I risultati di uno studio osservazionale pubblicato su JAMA (1) hanno mostrato, in parte in maniera inaspettata, come l’impiego cronico di oppioidi post-intervento di chirurgia bariatrica sia aumentato anziché diminuito in questi pazienti. Non solo: l’entità della perdita di peso, della depressione e del dolore cronico non sembrano essere i fattori principali alla base di quanto osservato, a suggerire la necessità di una gestione proattiva del dolore cronico, da adattare al singolo paziente.
“In letteratura esistono documentazioni di un’associazione tra l’obesità e il dolore cronico non oncologico – si legge nell’introduzione dell’articolo – Tuttavia, fino ad ora, non esistevano dati certi sulla riduzione dell’utilizzo di oppioidi analgesici in pazienti post-intervento di chirurgia bariatrica.”

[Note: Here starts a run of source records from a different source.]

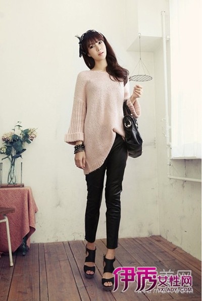 仿皮修身小脚裤,仿皮设计,很有潮范儿,更显欧美风范。裤脚的侧面有拉链开襟设计,很帅气性感,可以搭配粉色宽松针织衫,清爽舒适。
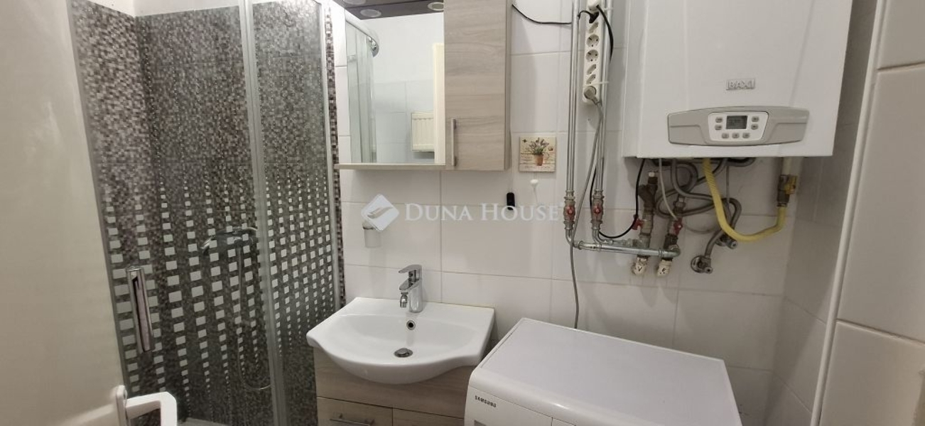 A lakás fürdőszobája felújított, modern, zuhanyzós kialakítású. A fűtésről gáz cirkó rendszer gondoskodik radiátoros hőleadással. A konyha-étkező a belső udvarra néz, így csendes, meghitt hangulatú. Bár a lakás mérete praktikus, még gardrób is helyet kapott benne – minden ruhának és személyes holminak jut elegendő tér.
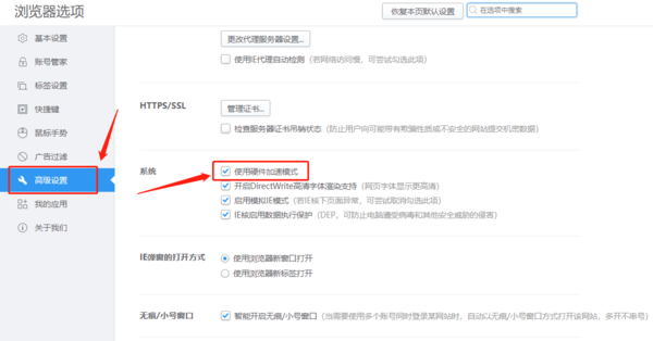 在设置界面的左侧导航栏中找到“高级设置”,然后将右侧页面向下拉,找到“系统”一行后,勾选中第一个“使用硬件加速模式”选项,然后重启浏览器,硬件加速功能就生效了。
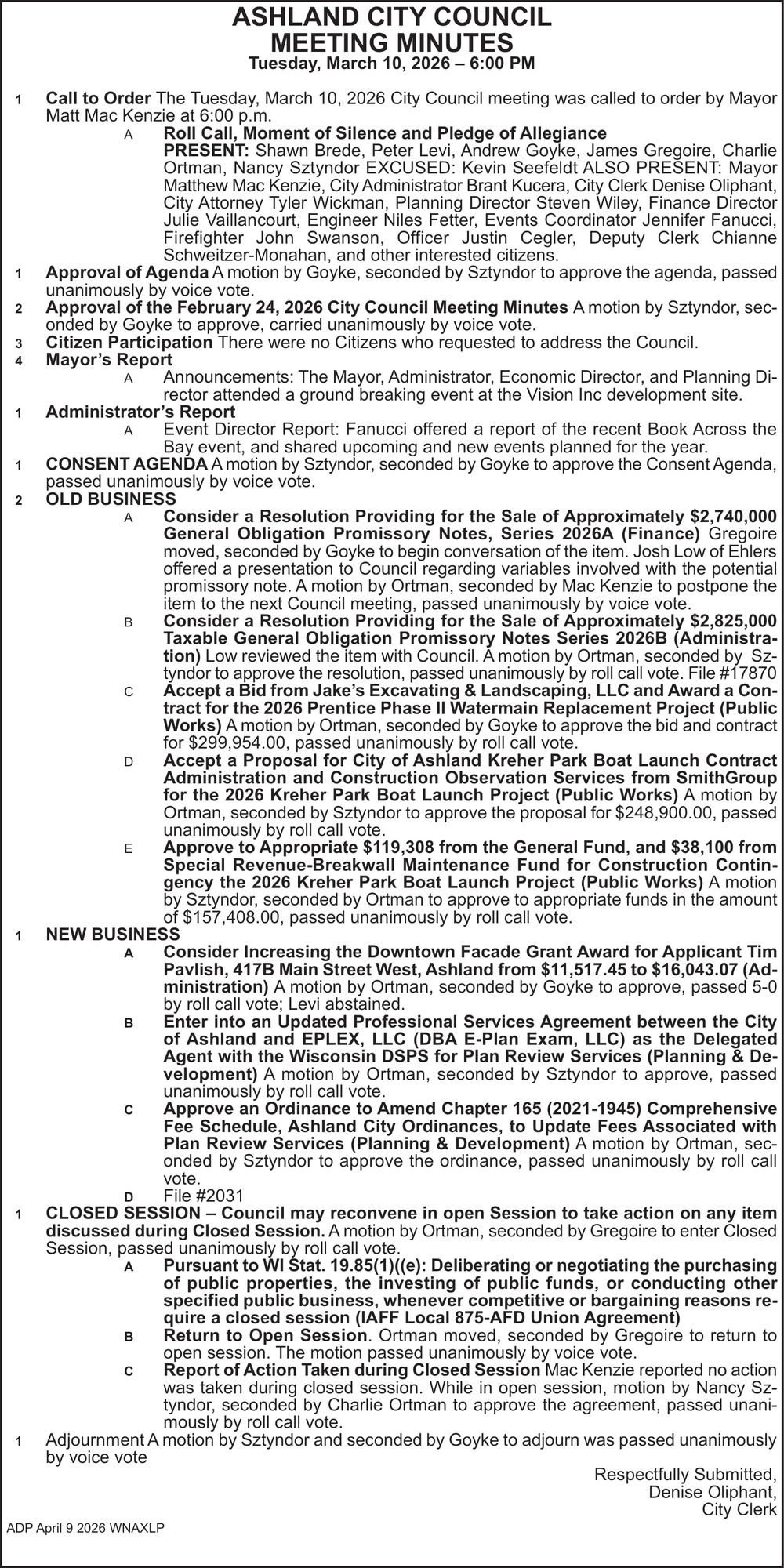 Apr 09, 2026. City Of Ashland Public Notice Ads from Ashland Daily Press
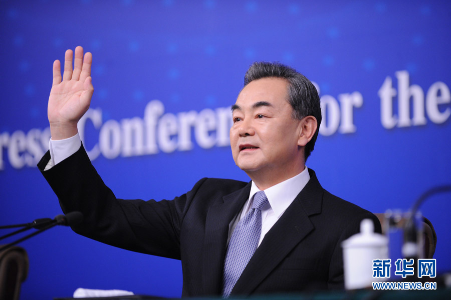 ?? 十二屆全國人大三次會(huì)議新聞中心于3月8日(星期日)10時(shí)在梅地亞中心多功能廳舉行記者會(huì),邀請(qǐng)外交部部長王毅就中國的外交政策和對(duì)外關(guān)系相關(guān)問題回答中外記者提問。圖為外交部部長王毅向記者揮手致意。新華網(wǎng)/中國政府網(wǎng) 翟子赫 攝
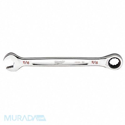 Ratcheting Combination Wrench Chrome Vanadium Steel Chrome Head Size 11/16 in Overall Length 9 1/8 in Head Offset Angle 0 Degrees Opening Angle (Deg.) 0 Degrees Standard Head Thickness 11/16 in SAE Rounded

Per colmare questo gap, è stato allestito questo studio osservazionale retrospettivo, che ha incluso i dati di 11.719 pazienti provenienti da 10 siti monitorati nel database clinico USA denominato SPAN (Scalable Partnering Network), sottoposti a chirurgia bariatrica dal 2005 al 2009. Questi pazienti sono stati valutati un anno prima e dopo l’intervento, con l’ultima visita di follow-up eseguita nel 2010.
L’outcome principale dello studio era costituito dall’impiego di oppioidi, misurato in equivalenti di morfina un anno prima e un anno dopo chirurgia, fatta eccezione per i primi 30 giorni successivi all’intervento. In questo contesto, si configurava la condizione di impiego cronico di oppioidi a seguito dell’osservazione di 10 o più dispensazioni di questi farmaci per più di 90 giorni o a seguito della somministrazione per almeno 120 giorni di oppioidi nel corso dell’anno prevedente l’esecuzione dell’intervento di chirurgia bariatrica.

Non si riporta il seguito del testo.